“En 1910,
la Argentina tenía el 50% del PBI de la región y el 7% del
comercio mundial.
En 1928,
era la sexta potencia económica mundial y tenía el tercer
ingreso per cápita más alto del mundo, casi igual del de
Inglaterra y apenas un 20% menos que los Estados Unidos.
En 1940,
tenía más coches que Francia y más teléfonos que Japón e
Italia.
¿Qué le
ha pasado a la Argentina?”
El
economista británico de origen australiano Colin Clark
publicó, en 1931, un libro sobre las perspectivas de
crecimiento económico de las naciones. Basándose en las
estadísticas existentes desde 1880 a 1930, proyectó los
resultados concluyendo que, de mantenerse idénticas tasas
de crecimiento, la Argentina llegaría a tener en 1960 el
ingreso per cápita más alto del mundo. Clark fue sólo uno
de los tantos economistas internacionales que predijeron
para nuestro país el mejor de los futuros.
El
fracaso de esta utopía se estudia en diversas
universidades del mundo como el malogro institucional más
grande de la historia moderna.
En mi
anterior nota “Empresarios ricos, empresas pobres”, me
referí a la responsabilidad que le cupo al empresariado en
esta gran frustración argentina. Hoy me referiré a otro de
los grandes responsables de la involución del país: el
sindicalismo peronista.
Cuando
Perón asumió, el sindicalismo se encontraba en manos de
los comunistas, según escribió en su libro “Conducción
Política” (Edición 1974): “(…) cuando pronuncié los
primeros discursos en la Secretaría de Trabajo y
Previsión, (…) yo les hablaba un poco en comunismo. ¿Por
qué? Porque si les hubiera hablado en otro idioma en el
primer discurso me hubieran tirado el primer naranjazo…
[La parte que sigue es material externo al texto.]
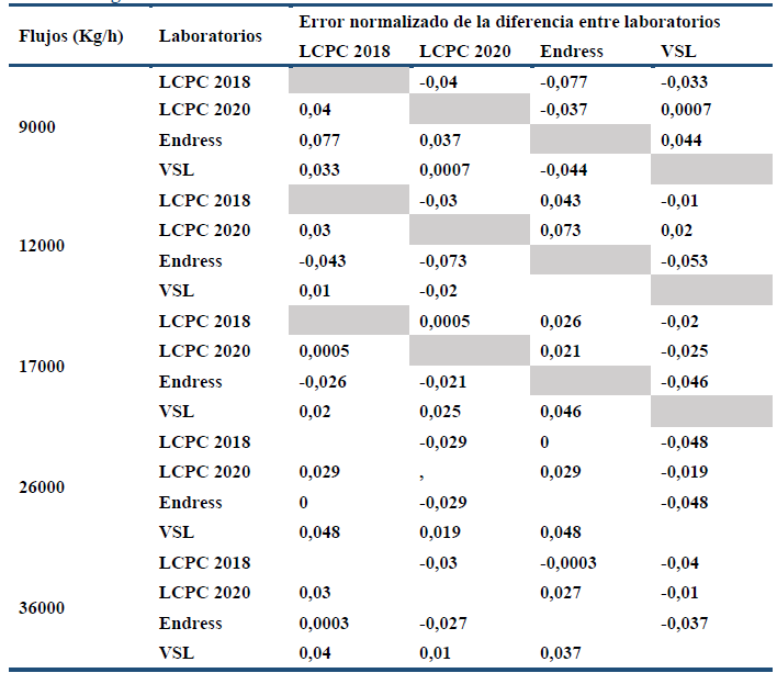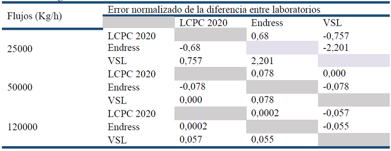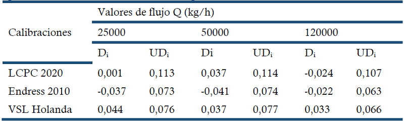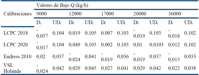 Las dos calibraciones previas (en fábrica y VSL) fueron realizadas con instalaciones que usan agua como líquido de trabajo y se limitaron a valores menores de flujo que las realizadas en el LCPC. Sin embargo, por su valor como referencia para evaluar los sistemas establecidos en el país se realizó una intercomparación de los resultados de las mediciones.

Porque ellos eran hombres que llegaban con cuarenta años
de marxismo y con dirigentes comunistas. (…) Ellos querían
ir a un punto que creían, con la prédica de tantos años,
era el conveniente. Eran, mas bien, de una orientación de
fondo marxista y, como tal, propugnaban un tipo de
revolución distinto del nuestro. Se inclinaban más hacia
la lucha de clases (…) Yo no compartía esas ideas. (…)
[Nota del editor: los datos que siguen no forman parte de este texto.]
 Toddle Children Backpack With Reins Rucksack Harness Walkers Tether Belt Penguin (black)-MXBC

repito, la gente que iba conmigo no quería ir hacia donde
iba yo; ellos querían ir adonde estaban acostumbrados a
pensar que debían ir. Yo no les dije que tenían que ir
adonde yo iba; yo me puse delante de ellos e inicié la
marcha en la dirección hacia donde ellos querían ir;
durante el viaje, fui dando la vuelta, y los llevé adonde
yo quería…”.
¿Cómo
consiguió esa adhesión? A través de la instauración de una
nueva legislación laboral copiada del contrato de trabajo
del gobierno de Mussolini. En ella se otorgaba la
personería jurídica a un solo sindicato por rama laboral y
se establecía una sola central de trabajadores. Como la
personería era determinada por el gobierno, había que
adherir a las ideas peronistas para obtenerla.
Con la
personería, el sindicato accedía al poder económico
gracias al pago compulsivo de la cuota sindical (las
retenciones salariales), a la negociación de convenciones
colectivas de trabajo, la exención de impuestos, el
monopolio de la representación gremial, la reelección de
sus dirigentes sin límites de tiempo y, fundamentalmente,
el manejo de las obras sociales, punto clave del poder y
la corrupción sindical.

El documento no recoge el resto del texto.